Is cultural appropriation ever okay?

I was recently hanging out with a rock band, discussing our shared love for a particular R&B album. They said they'd love to cover the album track for track, but would never. A band of white indie-rockers performing the songs of a black R&B singer? No way. It would be seen as cultural appropriation, and their reverence for that music was probably better expressed through conversations like the one we were having that night anyway. As badly as I wanted to hear their covers, they were right.
When is cultural appropriation - the act of making art that reaches for new ideas across lines of race and class - ever acceptable in pop music? Finding an answer requires us to clarify the difference between theft and influence, or more specifically, taking and making.
When Justin Timberlake beatboxes, or Taylor Swift raps, or Miley Cyrus twerks to a trap beat, it feels like taking. Nothing is being invented other than a superficial juxtaposition. On the flip side, when the Talking Heads echo African pop rhythms, or the Wu-Tang Clan channels the spirituality of kung-fu cinema, or Beyoncé writes a country song, it feels more like making. The borrowed elements become an essential, integrated part of a new, previously unheard thing.
We think we know this difference when we hear it, but sometimes we don't - so there are more questions to ask, and many of them point toward an imbalance of power. Is the appropriating artist profiting off a culture that remains marginalized? Does the appropriator seem to understand the complexity of their own relationship to the culture they're cribbing from? Will their appropriated music steer attention toward its source? Or will it divert potential attention away from it?
White rappers are by far the most flagrant appropriators on today's pop charts, and many of them flunk these questions. Yet, scores of mediocre white rappers - from Iggy Azalea to G-Eazy to Post Malone to Bhad Bhabie - continue to climb far higher in the marketplace than they would if they were black. This falls on the audience and the industry. For these artists, it's not that their whiteness automatically makes them bad rappers; it's that their whiteness automatically sets them up to become successful rappers.
Here's one last question that might be helpful to ask of white rappers, or any musician who appropriates: Are they travelers, or are they tourists? Travelers move through the world in order to participate. Tourists simply look around, have some fun, take what they want and bring it back home.
Which brings us back to the indie-rock band in love with the R&B album. They knew they weren't going to perform these songs at next summer's Essence Festival. Their covers wouldn't transcend tourism. So they stayed home.

2. Should we listen to music against a dead artist's wishes?

Everything about Prince's death felt unreal, including the fact that the single greatest musician of our time vanished from this world without leaving a will. Maybe he thought he was going to live forever, just like the rest of us did.

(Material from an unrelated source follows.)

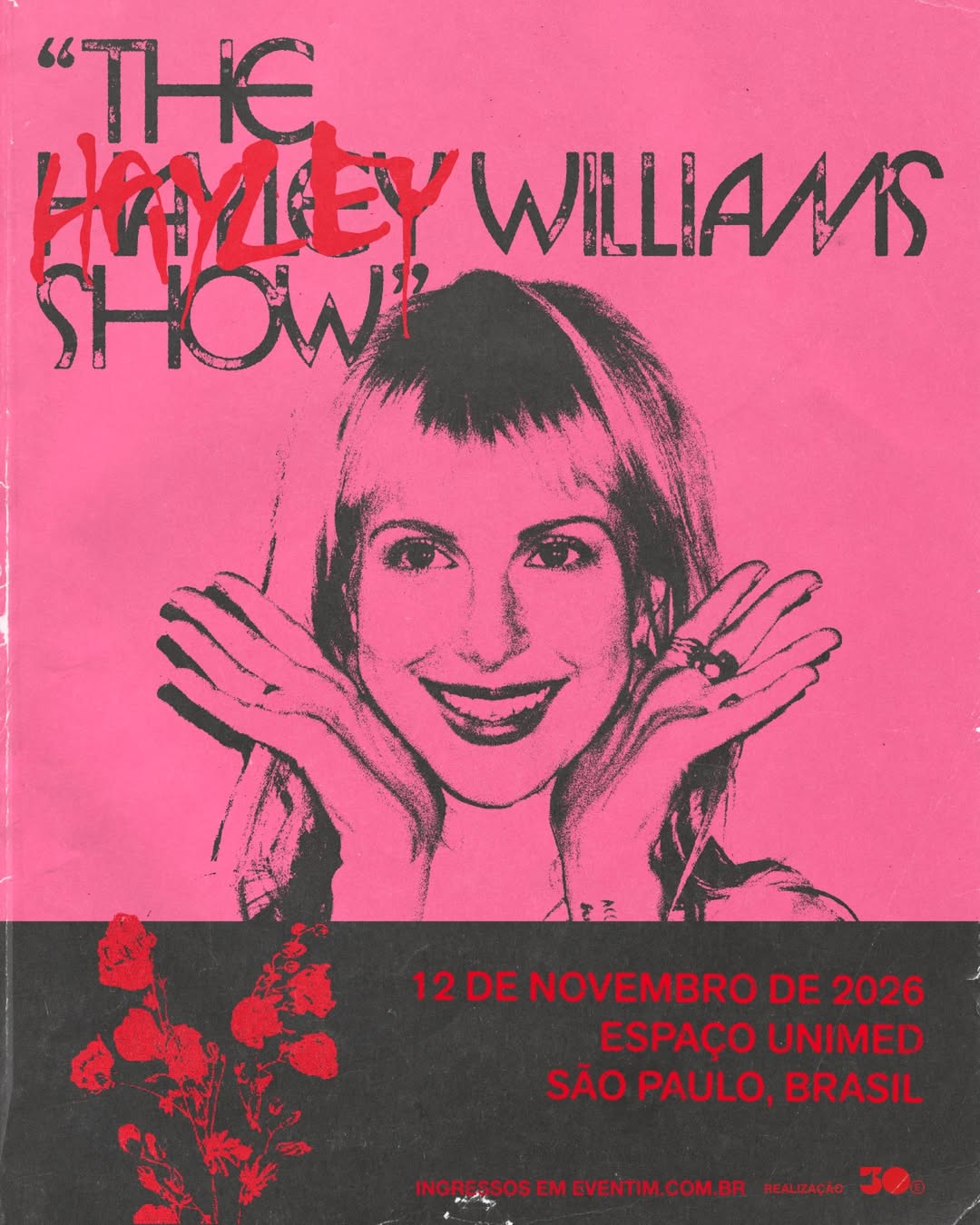 “The Hayley Williams Show” está chegando ao Brasil. Em uma realização da 30e, maior companhia brasileira de entretenimento ao vivo, a turnê desembarca em São Paulo no dia 12 de novembro, no Espaço Unimed. A pré-venda para fãs terá início no dia 4 de maio, às 10h, com duração de 24 horas. A venda geral começa no dia 6 de maio, às 10h, pela Eventim (acesse aqui). O cadastro verificado para a pré-venda pelo HW HQ começa hoje 27 de abril, às 10h, e também dura 48 horas (acesse o link).

What Prince did leave us, however, is a knot of anxiety over how to approach his body of recorded work. Would he really want us streaming his albums on Spotify, the very type of hyper-corporate, artist-unfriendly music distribution system that he spent all of his purple life railing against? And what about the contents inside his mythic vault? Would he have wanted us rifling through the recordings that he had so purposefully locked away in the depths of his Paisley Park studio?
I believe that vaults are meant to be cracked open - and even if they weren't, it's ultimately a musician's responsibility to be clear about what should happen to their music when they die. If an artist doesn't want a particular recording in circulation once he's gone, he should destroy that recording himself, or at least leave explicit instructions for his executors in regards to the shredding. Otherwise, that music will find its way out into the world.

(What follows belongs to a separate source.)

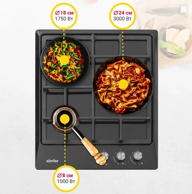 Мощность конфорок: 1 х большая конфорка 3000 Вт. 1 х стандартная конфорка 1750 Вт. 1 x экономичная конфорка 1000 Вт. Материал решеток - чугун. Вы сможете выбрать оптимальную конфорку для приготовления разнообразных блюд. Для удобного пользования в поворотные переключатели встроен электроподжиг, который значительно упрощает работу с панелью. Начните готовить изысканные блюда вместе с варочной панелью Simfer!

But "the world" and "the sales floor" are two very different things, and I know I'd feel much better listening to Prince's unheard music via the Library of Congress or the Free Music Archive than on a commercial streaming service. In September, I'll have to decide exactly how to listen once Prince's estate releases "Piano and a Microphone 1983," his first posthumous album from the vault.

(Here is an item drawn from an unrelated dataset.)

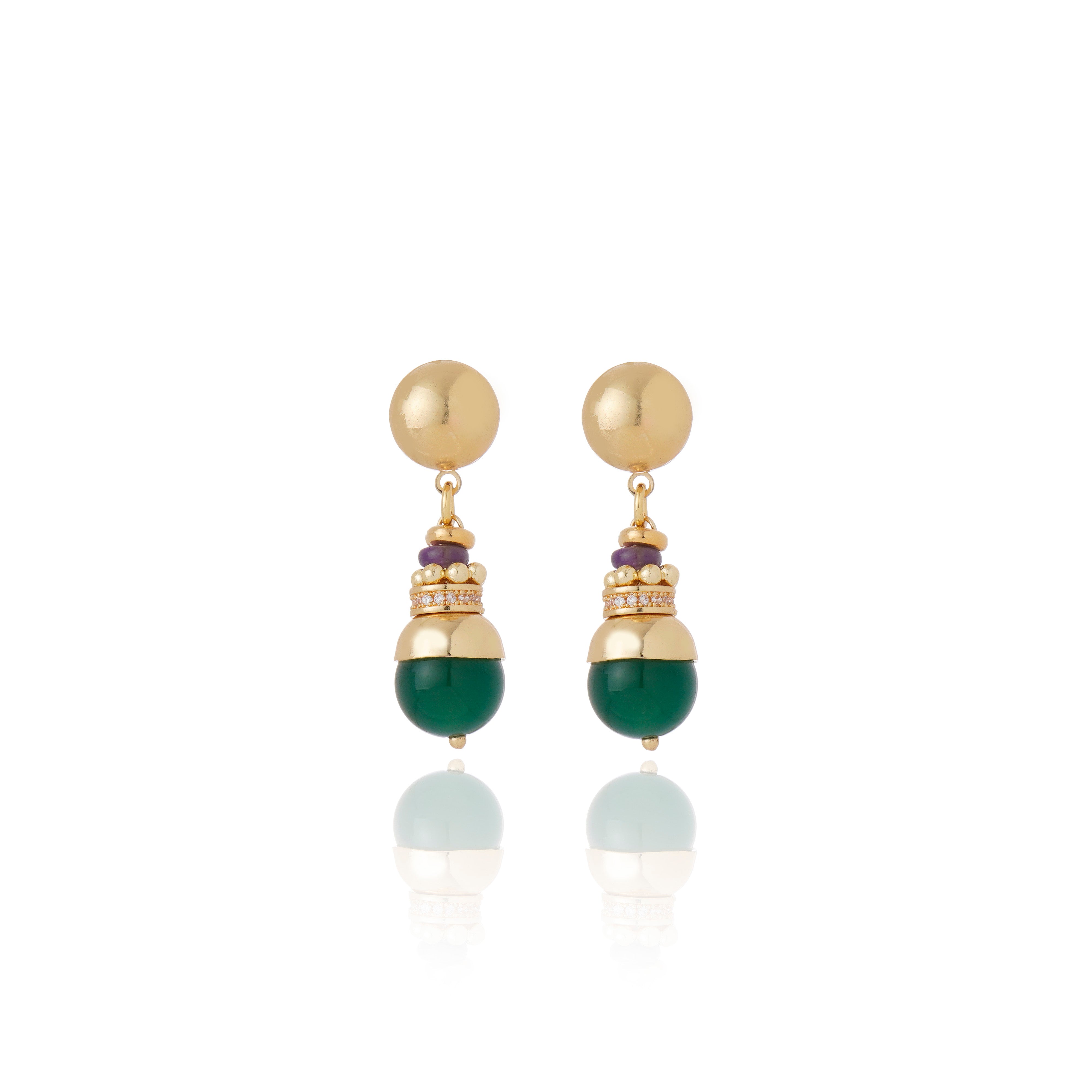 Vibrant and playful, the Sirena Earrings are a celebration of color and craft. With their bold composition of green agate, amethyst, and shimmering zirconia, these earrings capture the spirit of the sea and the richness of Italian artistry. A joyful piece that dances with movement and light.

Paying cash money to hear songs that Prince may not have wanted us to hear in the first place might flash us back to the unfinished Michael Jackson recordings that L.A. Reid finished off in 2014, or those private Kurt Cobain demos that surfaced a year later. The listening might feel good on our ears, but the money changing hands will inevitably feel gross.
That's one of the ugliest downsides of the streaming era. When we stream music, our listening becomes transactional. And surely, that drove Prince crazy. To honor his memory, I continue to listen to his albums on vinyl and CD, and I sleep a little better at night.